Syaikh Mohamed Khayrow, direktur jenderal Departemen Agama Somalia, mengatakan pada Selasa (22/12) bahwa perayaan Natal dan Tahun Baru mengancam aqidah Muslim di negara itu.
“Seharusnya tidak ada aktivitas [perayaan Natal dan Tahun Baru] sama sekali,” katanya kepada wartawan, menambahkan pasukan keamanan telah diperintahkan untuk membubarkan setiap perayaan tersebut.
“Semua kegiatan yang terkait dengan perayaan Natal dan Tahun Baru bertentangan dengan budaya Islam, yang dapat merusak iman masyarakat Muslim.”
Sheikh Nur Barud Gurhan, Dewan Agama Agung Somalia, juga memperingatkan pelarangan perayaan itu, mengatakan bahwa perayaan-perayaan semacam itu bisa memprovokasi Asy-Syabaab “untuk melakukan serangan”.
Tahun lalu, cabang Al-Qaeda Somalia itu melancarkan serangan Hari Natal di markas yang dijaga ketat Uni Afrika di ibukota Mogadishu, menewaskan tiga tentara AU.
Somalia, yang mengeluarkan larangan serupa pada tahun 2013, mengikuti kalender Islam yang tidak mengakui 1 Januari sebagai awal tahun.
Hampir tidak ada orang Kristen yang tersisa tinggal di negara ini, meskipun katedral Katolik yang dibangun Italia dan telah dibom tetap menjadi landmark kota Mogadishu.
Diplomat asing, pekerja bantuan, dan tentara yang tinggal di kompleks AU diizinkan untuk merayakannya secara pribadi.
Pelarangan Topi Santa
Demikian pula, Sultan Hassanal Bolkiah Brunei juga telah melarang perayaan Natal di tempat publik.
Pemimpin agama di kesultanan yang kaya minyak itu memperingatkan larangan Natal akan dilakukan secara ketat, di mana para pelanggar akan menghadapi hukuman hingga lima tahun penjara.
“Menggunakan simbol-simbol keagamaan seperti salib, menyalakan lilin, memasang pohon Natal, menyanyikan lagu-lagu religius, mengirimkan salam Natal itu bertentangan dengan agama Islam,” kata imam dalam khotbah-khotbah yang diterbitkan di pers lokal.

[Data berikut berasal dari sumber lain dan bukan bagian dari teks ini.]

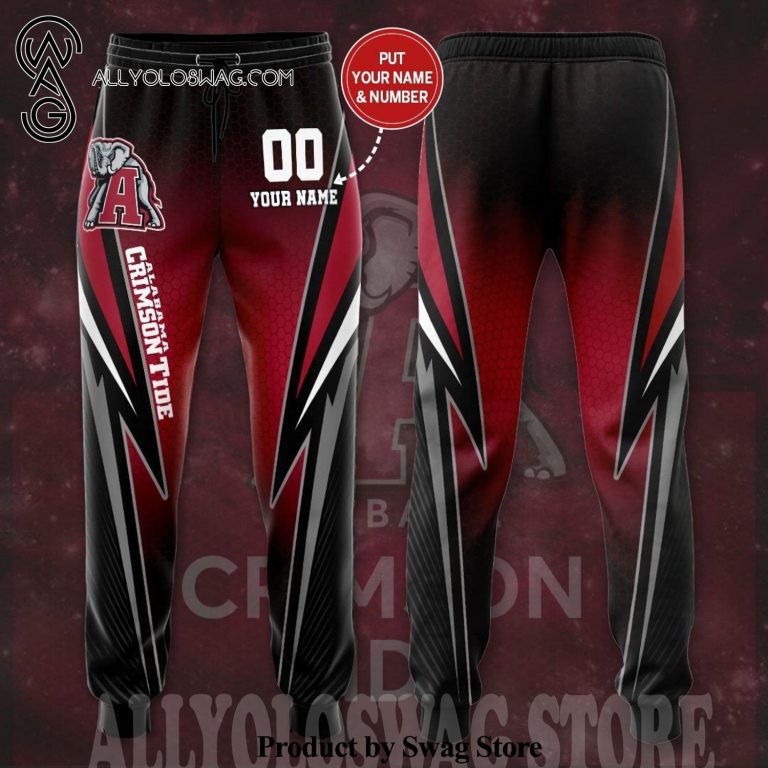 [Top-selling] Custom Alabama Crimson Tide Lightning Bolt Full Printing Casual Unisex Sweatpants – Black Red
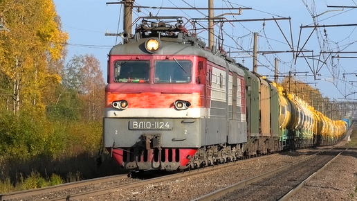 "Сладкоголосый" ВЛ10-1124 с грузовым поездом и приветливой бригадой

Pemerintah memperingatkan tahun lalu bahwa umat Islam akan dianggap melakukan pelanggaran jika mereka memakai “topi atau pakaian yang mirip Santa Claus”.
Penganut Kristen mewakili hanya sekitar sembilan persen dari 430.000 penduduk Brunei.
Para pelaku bisnis telah diperingatkan untuk tidak menggunakan dekorasi yang bertentangan dengan Islam dan pihak berwenang telah meningkatkan pemeriksaan di sejumlah tempat di ibukota. Hotel populer di kalangan turis Barat yang pernah memasang lampu-lampu menyilaukan dan pohon Natal raksasa sekarang pun terlihat tanpa dekorasi meriah.